◆ **TASK GOAL**
Keep the images out while you set down the data exactly.
───── DATA PROVIDED
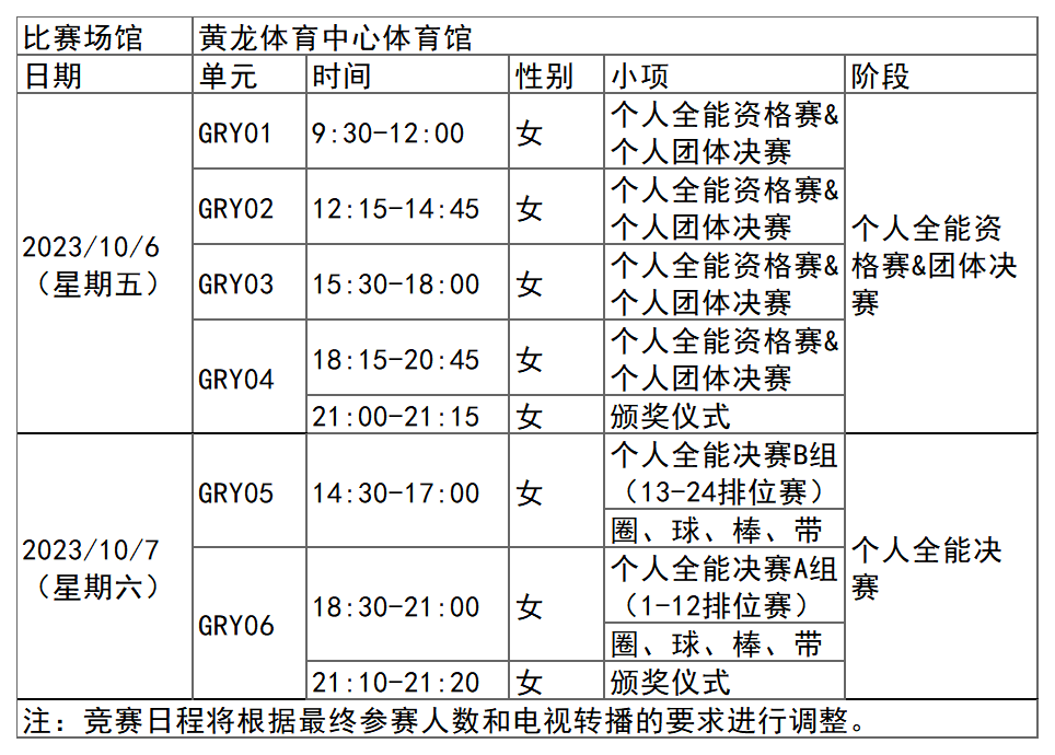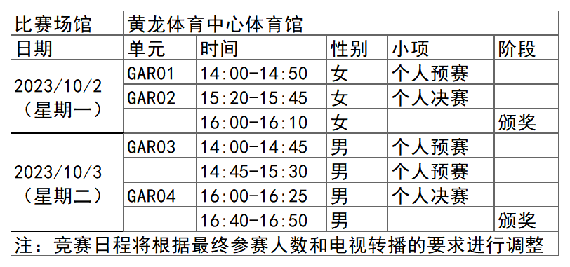 杭州亚运会艺术体操项目比赛时间为10月6日-7日,在黄龙体育中心体育馆举行,共产生2枚金牌。
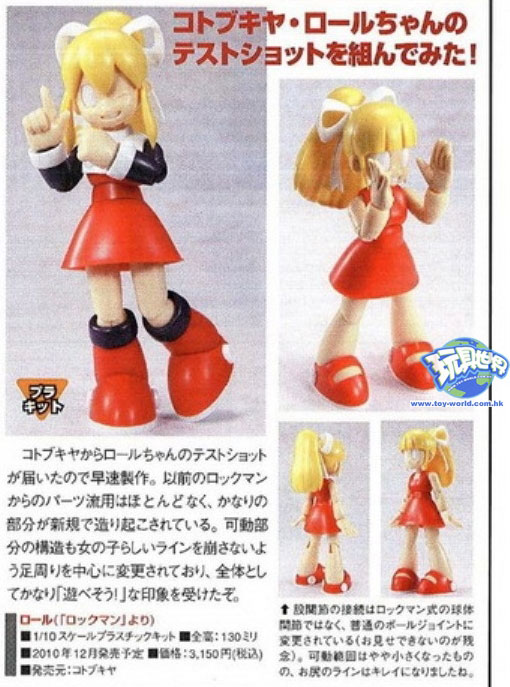 Kotobukiya’s Roll figure kit should be released in a matter of weeks if not days. As a sign of its impending production, a hobby magazine has released some shots of the figure crafted with a test run of the mass production parts. This should give you an idea of what to expect when you make the figure yourself. While painting is certainly not required, it is needed to make the figure look as good as the promotional prototype.
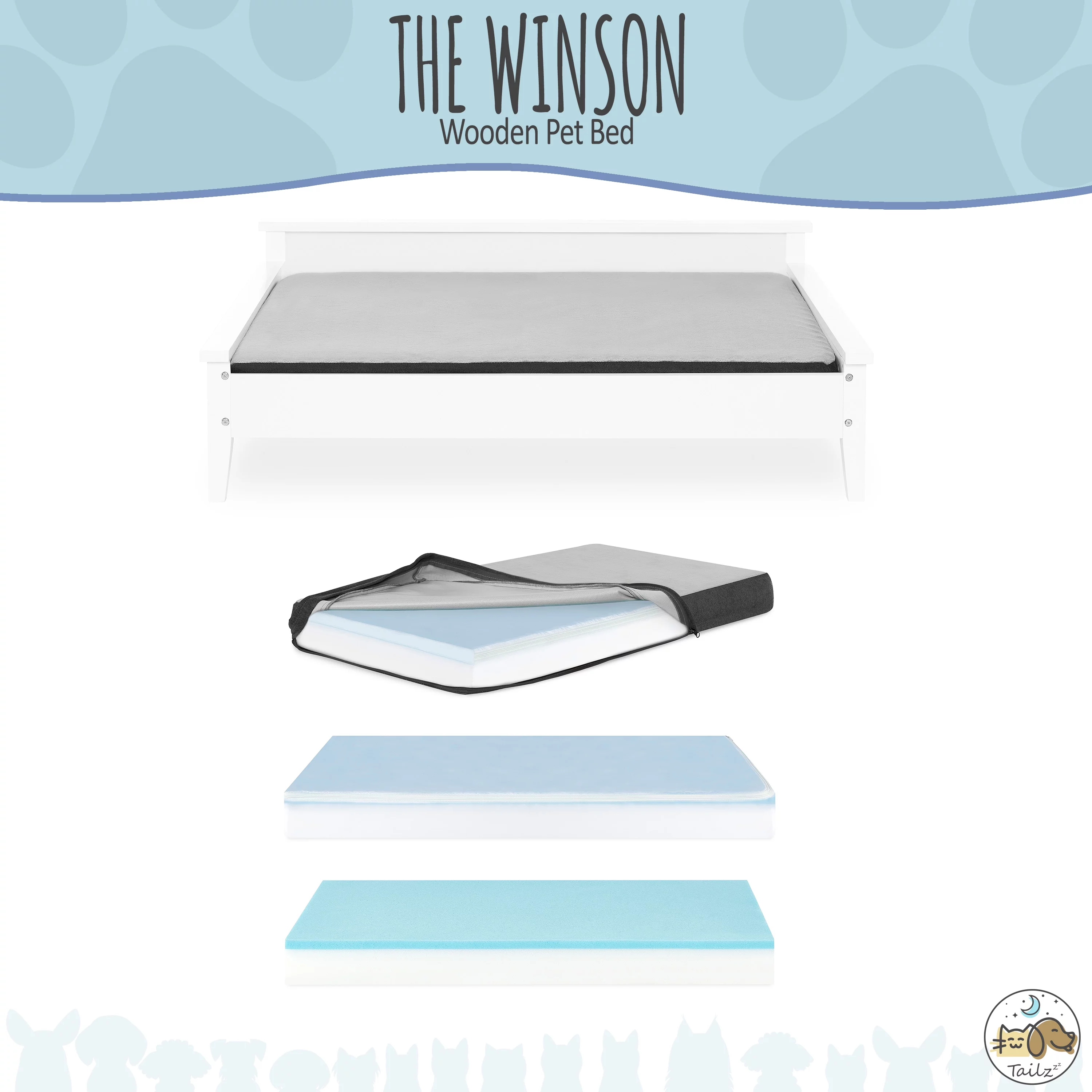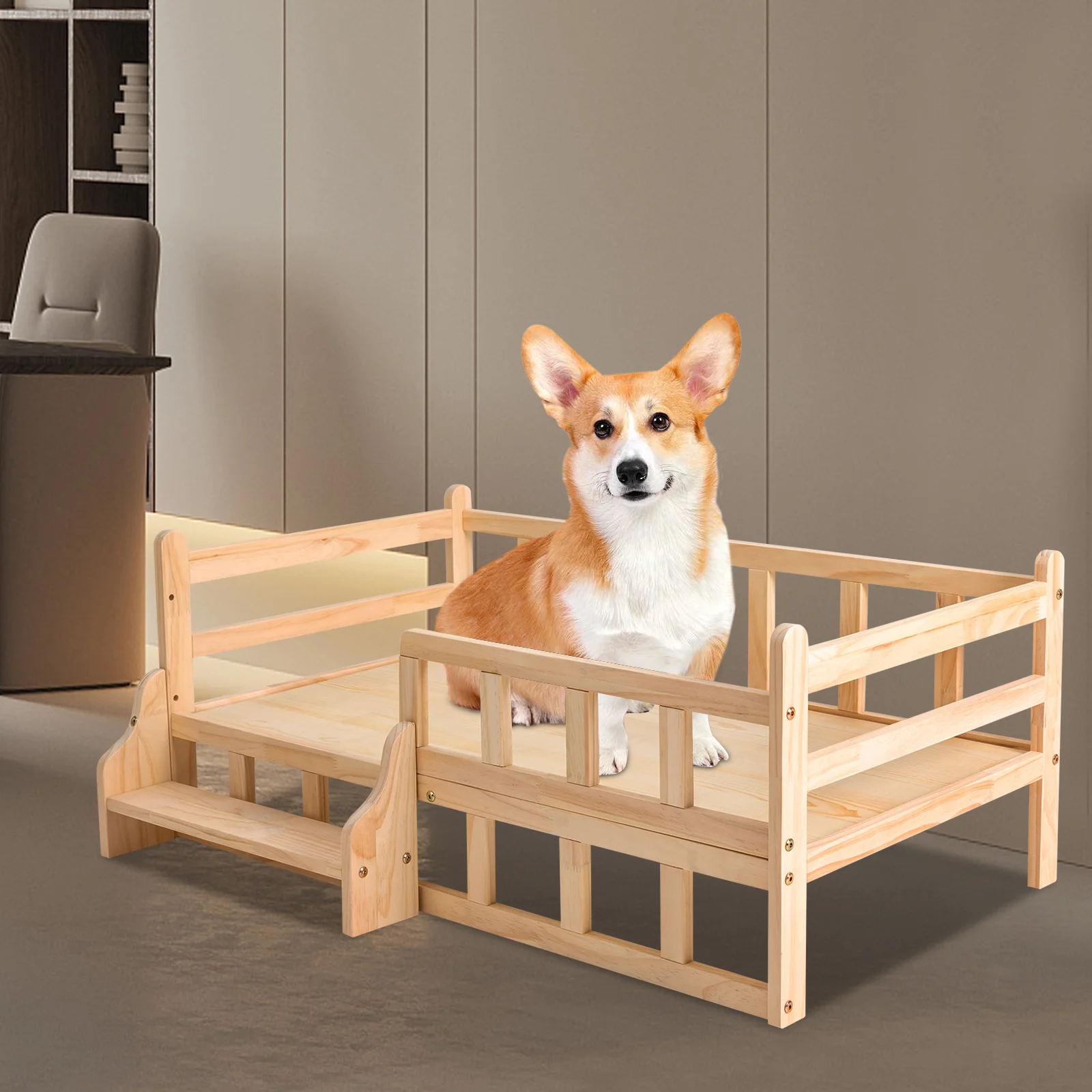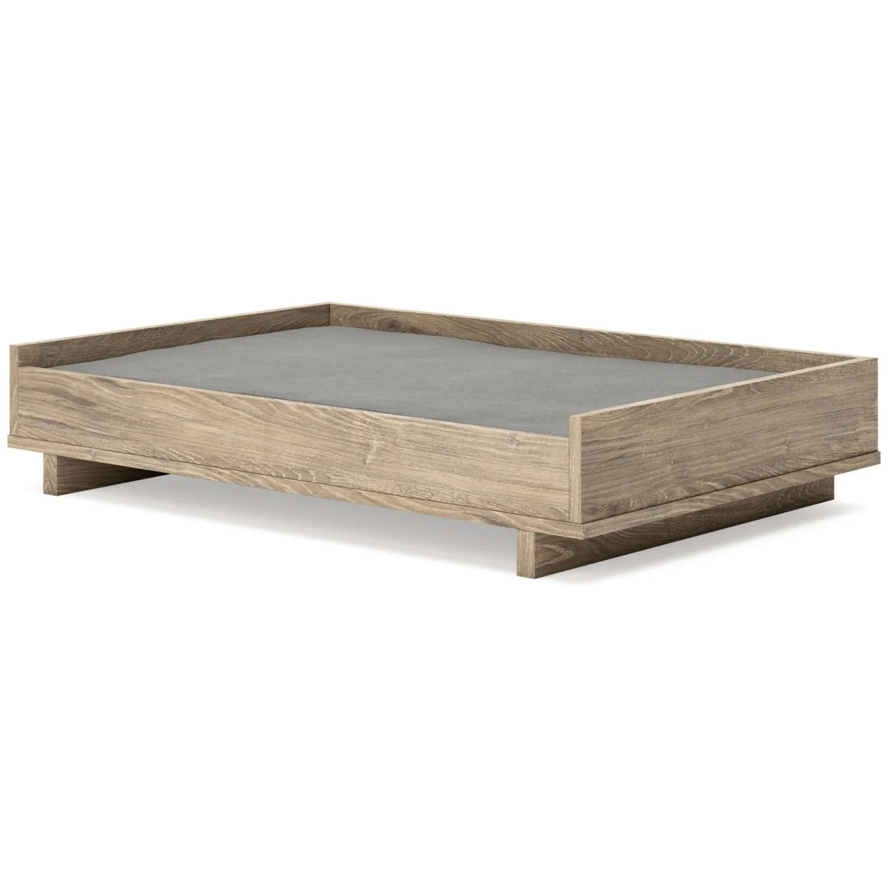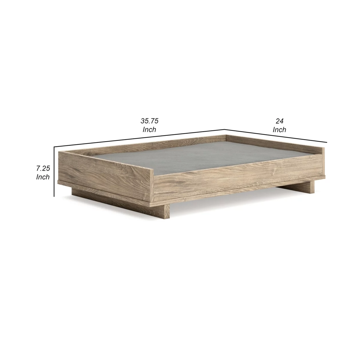 36 Inch Pet Bed Frame Natural Brown Wood Removable Cover Gray Upholstery
──────────
◆ **ANSWER BELOW**
 杭州亚运会艺术体操项目比赛时间为10月6日-7日,在黄龙体育中心体育馆举行,共产生2枚金牌。
 Kotobukiya’s Roll figure kit should be released in a matter of weeks if not days. As a sign of its impending production, a hobby magazine has released some shots of the figure crafted with a test run of the mass production parts. This should give you an idea of what to expect when you make the figure yourself. While painting is certainly not required, it is needed to make the figure look as good as the promotional prototype.
 36 Inch Pet Bed Frame Natural Brown Wood Removable Cover Gray Upholstery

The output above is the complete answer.